Organizers hoped that the protests would grow further into a groundswell of opposition to Macron’s reform of France’s public service and some state enterprises such as the heavily indebted national railway company SNCF.

Union officials and the police gave widely different figures for the turnout. CGT said 80,000 people participated in the protest in Paris, and 250,000 came out nationwide. The police, however, said the protest drew 21,000 in Paris.

The turnout was lower than the 320,000 during a previous nationwide protest in March.

“We are going to carry a message [and] this message must be heard by the strong-headed Emmanuel Macron,” Jean-Luc Mélenchon, leader of the radical-left France Unbowed party, told a cheering crowd in the southern port city of Marseille.

Mélenchon listed a number of grievances including staff shortages at hospitals, limited admissions at universities, and lack of police in tough neighborhoods, because the government says it does not have the means to fund them.

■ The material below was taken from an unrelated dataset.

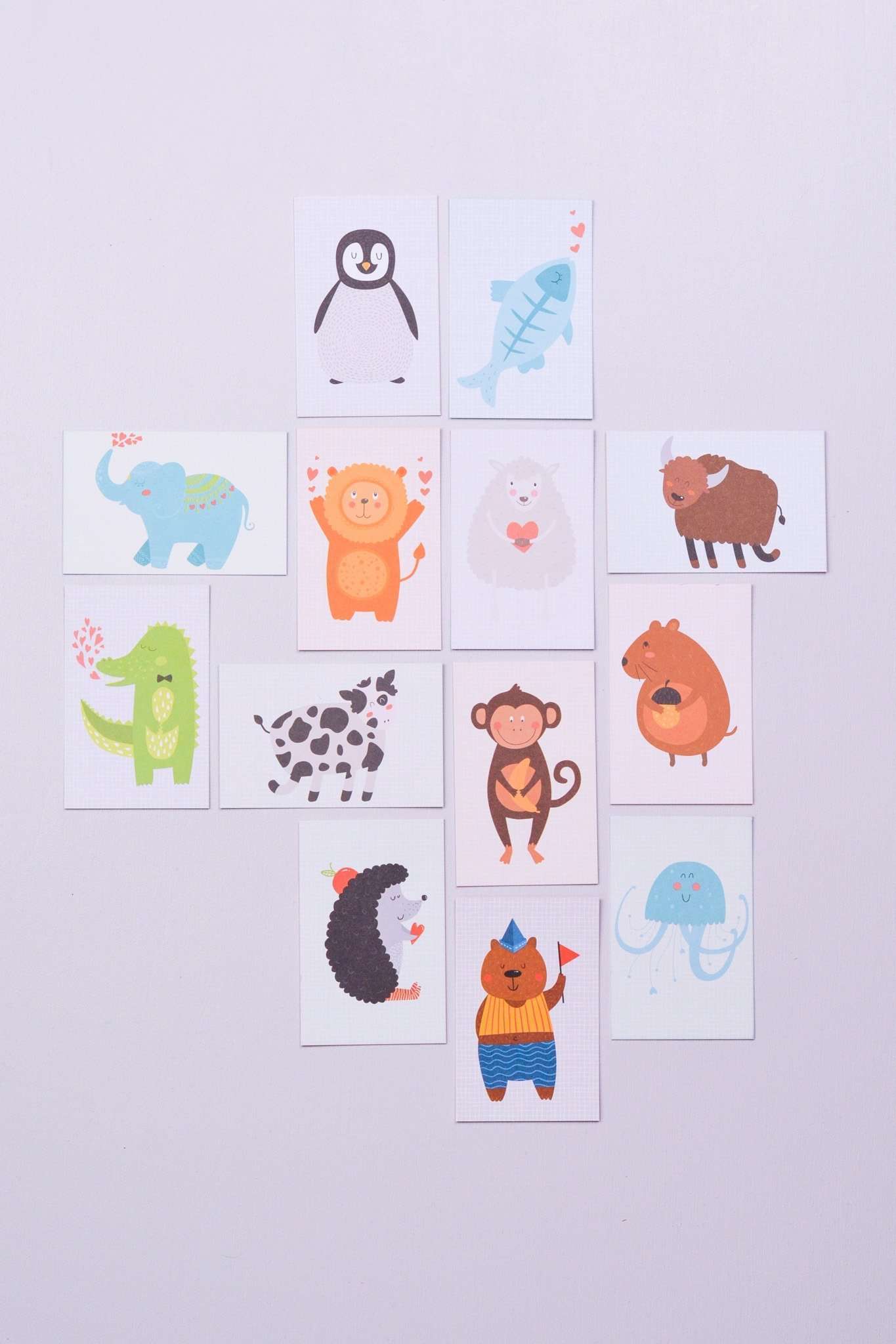 Die Schachtel ist gefüllt mit 65 Mutmachkarten der Serie “Du bist”, 13 einzigartigen Motiven, also 5 Karten je Motiv.
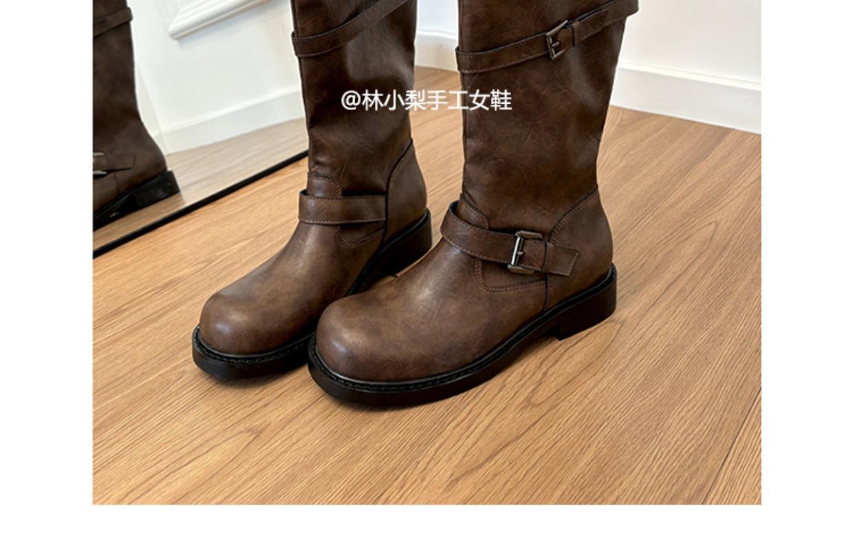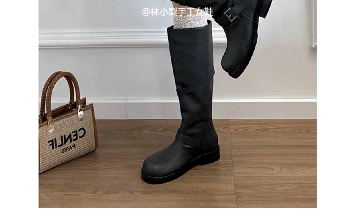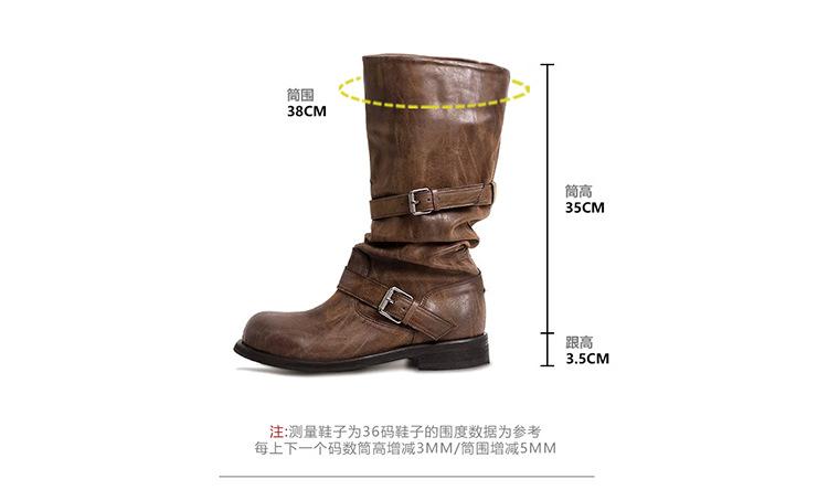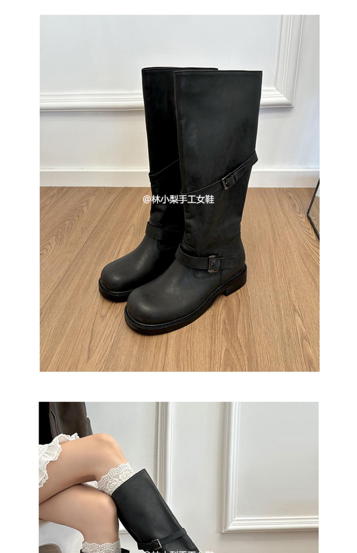 Versión de piel de vaca~Botas de cuero genuino suela gruesa punta redonda hebilla retro botas hasta la rodilla mujer otoño invierno botas de media caña botas de montar

“We do not believe you because you are lying,” Mélenchon said, adding that Macron’s government had given a 4.5 billion euros ($5.25 billion) tax break to the rich which could have been invested in hospitals.

“The country is rich. The country must share,” Melenchon said.

French interior minister Gérard Collomb said that police intervened in Paris after a group of hooded protesters tried to destroy a bank.